There are a couple sellers on Ebay that sell a plastic version similar to the BSRT gauge, I have had better luck using a pair of digital calipers just close the caliper around the tire just to where you can barley pick the tire up from a flat surface, try this 2 or 3 times and you will see what I mean.

Boosted


----------



## LDThomas (Nov 30, 1999)

Tough to do when the tire is on a car...


----------



## slotking (May 27, 2008)

i was both methods
the gauge is more consistent IMHO


----------



## alpink (Aug 22, 2010)

a good set of calipers will end up doing more than the tire gauges.
tire gauges are incremental and don't include all sizes. of course one can extrapolate with a gauge by fitting too loose in one hole and not fitting at all in the next hole.
the WIZZARD gauge I have is incremental in .005 from .295 to .400 for front tires and by .002 from .418 to .480 with .490 & .500 for rear tires. it has axle gauges for .047, .059 & .063. it also says that tires should be mounted on rims to measure and that temperatures can cause +/- .001 variance.
I gave my BSRT gauge to a friend so I cannot comment on that.


----------



## slotking (May 27, 2008)

my bsrt is in 2k increments

i also use it to check roundness
but the gauge provides for more consistent feel for me.
I do not have to worry about the softness of tire like when I am trying use calipers.

but that is just me


----------



## Grandcheapskate (Jan 5, 2006)

Why not just go get a case which is used to hold drill bits?
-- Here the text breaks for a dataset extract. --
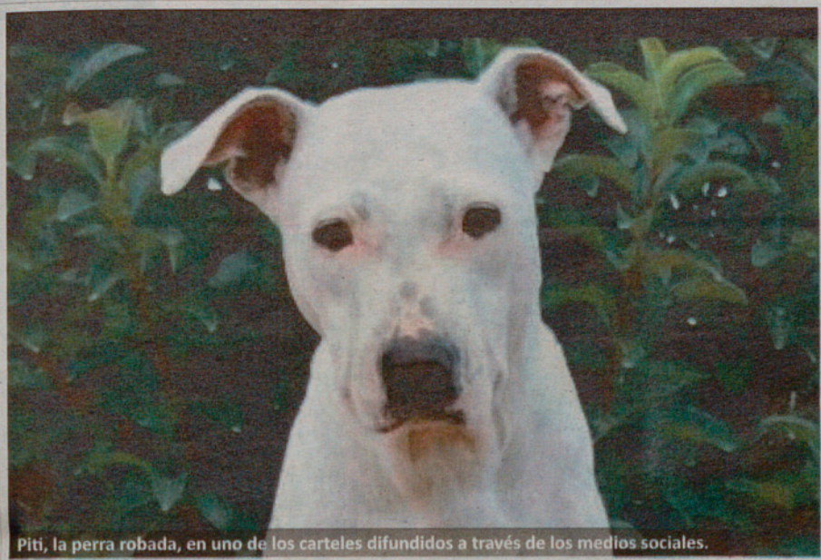
Piti, la perra robada, en uno de los carteles difundidos a través de los medios sociales.

Or you may find a size gauge at a hardware store.

Joe


----------



## Rich Dumas (Sep 3, 2008)

I have a Wizzard stainless steel gauge that is made for inline magnet car tires, it is no longer in production. For pancake tires I bought a RJ Jets gauge at LenJet Raceway. It measures from 0.300 to 0.364 inches in .002 inch increments.


----------



## beast1624 (Mar 28, 2009)

Do like I did. Get a son in law who can run a CNC machine and cut you a dozen BSRT copies out of scrap for nothing.


----------



## LDThomas (Nov 30, 1999)

Where do I get a son in law?


----------



## FOSTBITTEN (Aug 1, 2013)

Grandcheapskate said:


> Why not just go get a case which is used to hold drill bits? Or you may find a size gauge at a hardware store.
> 
> Joe


This works great! And it is what I use to stagger my tires for the oval racing.


----------